お初にお目もじかかる
夏休みも八月に入り、行事の中でも大変なお盆がついに来た。家族全員を乗っけて車は長い渋滞を終え実家にたどり着く。音に気がついたのか、祖父と伯母さんが玄関を開けて迎えてくれた。
「疲れたでしょう、何か飲み物いる?」
「うん!」
リビングのソファに座って、伯母さんが出してくれたカルピスを飲んでいると荷物を持った父が入ってきた。寝そべったを見て、まったくと呆れながらため息をつく。
「おい、すぐにやるぞ」
祖父はよっこらせと腰を上げて、再び玄関の方へ向かった。急いでカルピスを飲み干してわたしも続く。

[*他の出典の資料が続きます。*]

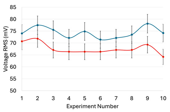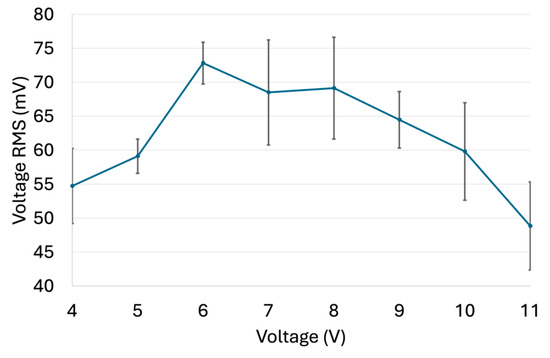 The stability of anode under these optimized conditions (6 V, 600 kHz) was evaluated by recording ten successive measurements at 60 s intervals, beginning 5 min after activating the experimental setup. The results, presented in Figure 8, showed a standard deviation of 1.53 mV, approximately 2% of the average value, indicating high operational stability.

迎え火をするためにドアを開けっ放しで、ほうろくの上におがらを乗せて火を焚いた。こうして亡くなったご先祖様が帰ってくるらしい。お帰りなさい、お祖母ちゃん。そっと呟いた。
それから和室に移動して今度はお線香をあげた。仏壇には茄子や胡瓜につまようじを指したようなものが置いてあった。
「いつも思うけど、あれはなに?」
「ああ、あれに乗ってご先祖様が黄泉から来るのよ」
来る時は早く来たいからきっと胡瓜の方ね、と母が微笑んだ。あれに乗って来る様を想像したら不謹慎だけど少しだけおかしくなった。もう少しいい馬を作ってあげればいいのに。
最後にわたしがお線香をあげて、仏鈴を鳴らし拝む。それが終わるとさっさと話しながら皆は出て行ってしまった。

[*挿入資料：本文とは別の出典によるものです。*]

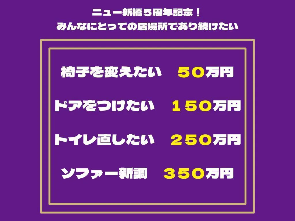 『カラオケパブ ニュー新橋』が2025年11月6日で早いもので5周年を迎えます。当初は、「自分たちのまちに、二軒目の飲み屋が欲しい」という想いでつくりました。コロナ禍の2020年から5年をかけて、色々な方に支えられ、自分たちだけではなくいつしか色々な方にとっての居場所になりつつあると感じています。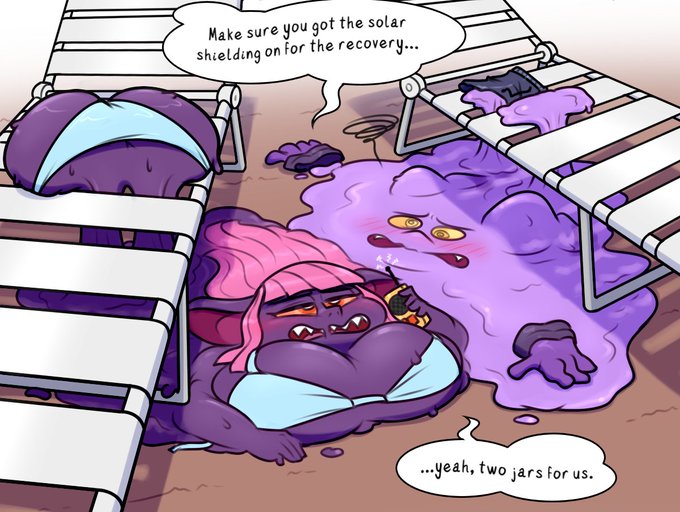A patreon commission for Lore, featuring his goblin OC Dr. B and her henchman sunbathing on a especially hot planet. A little too hot perhaps, as they can't seem to help from becoming goop in the sun.

もう少しだけわたしは残って、写真の中で笑う祖母を見た。随分前に亡くなったからあまり覚えていないけれど、やっぱりさびしい気持ちになった。もう一度だけ手を合わせてから立ち上がる。そんな時だった、誰もいないはずの部屋から声が聞こえたのは。
「感心でござるな」
ぱっと仏壇を振り向くけれどもちろん誰もいない。はてさて、ご先祖様の幻聴でも聞こえたかと首を傾げた。それにしたって古い物言いだ、随分前のご先祖様だろうなと思う。
「もしや某の声が聞こえたのか?」
「……え、」
ふあっと窓から風が吹いて、仏壇から男の子の顔がにょっきり出てきた。あまりの回帰現象に言葉をなくし卒倒しそうな意識をなんとか繋ぎとめる。思わず叫びそうになって口を抑えながら男の子をじろじろ見た。よく見ると仏壇まで透けているではないか。これは幽霊の類に違いない。
「驚かせてすまぬ、久方ぶりに某が分かる人間がいて嬉しくてつい…」
「ごごごご先祖様!?」
「ちょっと違うのでござるが、某は真田源二郎幸村と申す」
「あっこれはご丁寧に、わたしはです」
一歩下がると、完全に仏壇から一人の男の子が出てきた。赤が基調の随分不思議な格好をした彼、真田源二郎幸村は頭を下げてそれからこうのたまった。
「これからよろしくお願い致す」
いったい何をどうよろしくされなければならないのだろう。少しひきつった笑顔でわたしは握手に応えた。